Faire table rase ou améliorer l’existant ?

Un intervenant : Vos confrères industriels sont-ils tentés de vous imiter ou trouvent-ils qu’une telle transformation est trop coûteuse ?

Alain Zelverte : Faire table rase est plus onéreux qu’améliorer l’existant, mais c’est aussi plus efficace, car cela permet de tout optimiser. Cela dit, certaines mesures concernant des bâtiments existants, comme l’isolation, peuvent être subventionnées, dans certains cas, et d’autres sont peu coûteuses. La plantation de la haie bocagère n’a représenté que 5 000 euros. La préservation du chêne de 150 ans, en revanche, a coûté 40 000 euros, car elle a nécessité d’enterrer en partie le bassin des eaux pluviales.

Int. : Seriez-vous en mesure de publier des chiffres sur la rentabilité de vos investissements en RSE (responsabilité sociale de l’entreprise), même si ce n’est pas obligatoire pour une entreprise de votre taille ?

A. Z. : Nous donnons déjà quelques informations sur notre site Internet et, en 2024, nous allons refondre la partie RSE et publier quelques-uns des indicateurs que nous suivons au quotidien. Pour la partie énergie, par exemple, je sais exactement ce que j’achète, ce que je produis et combien cela me coûte. En raison du contexte actuel de coût de l’énergie, la centrale photovoltaïque va être amortie en quatre ans, et non en quatorze ans comme prévu initialement.

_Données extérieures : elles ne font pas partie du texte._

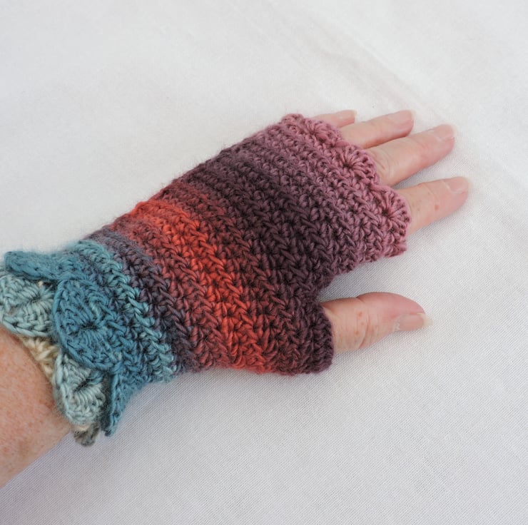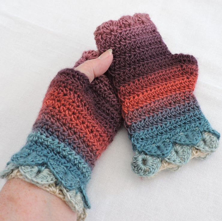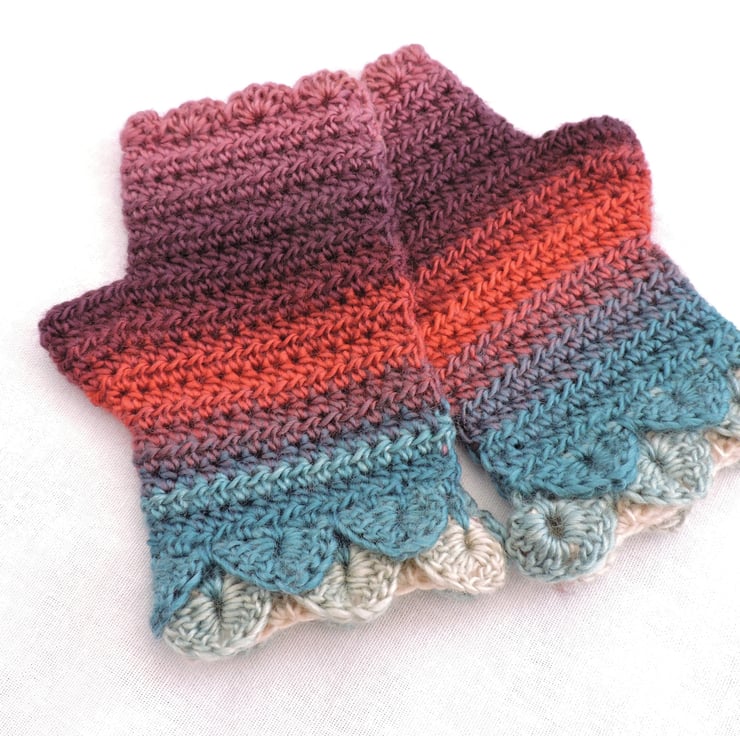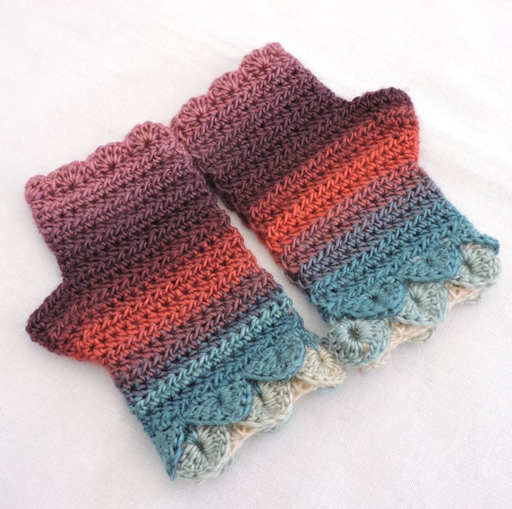 Adults fingerless mitts with dragon scale cuffs which I have crocheted with a double knit self striping acrylic yarn. Graduated colours of pink, lilac, aubergine, turquoise, coral and aqua. The mitts have two layers of dragon scales at the cuffs with a plain body and a wavy edge at the top. Colourful and warm mitts for the coming cold weather.

Globalement, le bilan financier des années 2021 et 2022 n’est pas très bon, car il correspond aux années de la construction et du déménagement, mais l’excédent brut d’exploitation a néanmoins augmenté de 200 000 euros en 2022 et va encore progresser très fortement en 2023.

L’intéressement

Int. : Avez-vous mis en place des dispositifs d’intéressement pour vos salariés ?

A. Z. : J’ai pris un certain nombre de mesures destinées à éviter un éventuel turnover et à attirer des jeunes, comme le fait de moderniser les outils de travail, mais aussi d’instaurer un intéressement et de proposer un plan d’épargne d’entreprise. Par ailleurs, chaque fois que l’objectif du meilleur chiffre d’affaires mensuel est dépassé, l’ensemble du personnel (ateliers et bureaux) reçoit une prime.

La prise de décision

Int. : Prenez-vous les décisions seul ou de façon collective ?

A. Z. : À mon arrivée, j’ai recruté un responsable qualité et un responsable maintenance, et j’ai constitué un comité de direction qui se réunit tous les lundis matin et m’aide à prendre les décisions. L’achat des nouveaux centres d’usinage, par exemple, n’était pas prévu au moment de la reprise. Le projet d’entreprise a été construit avec le comité de direction et avec des apports de l’ensemble des collaborateurs, qui ont été sollicités, en particulier sur les plans de la nouvelle usine.

Un triple bénéfice

Int. : Ce qui est très frappant, dans votre modèle, c’est que vous avez amélioré à la fois la protection de l’environnement et la qualité de vie au travail.

A. Z. : Les retombées économiques sont également très importantes. L’amélioration de l’isolation thermique a permis de réduire considérablement la consommation d’énergie. La facture a augmenté en raison de l’explosion des coûts de l’énergie, mais cela aurait été bien pire si nous n’avions pas modernisé notre installation.

De même, le fait d’optimiser les flux nous a fait progresser en productivité : au lieu de passer du temps à déplacer des palettes, les collaborateurs se consacrent à la production.

Les nouveaux locaux, climatisés à 25 degrés Celsius, avec un niveau sonore contrôlé, permettent aussi de travailler beaucoup plus efficacement.

J’ai, par ailleurs, découvert que nos efforts en matière de RSE pouvaient avoir des répercussions économiques, car les grands groupes sont soumis à l’obligation de réaliser des rapports extrafinanciers et, à prix égal et à qualité comparable, ils privilégient les fournisseurs affichant de bons scores en RSE.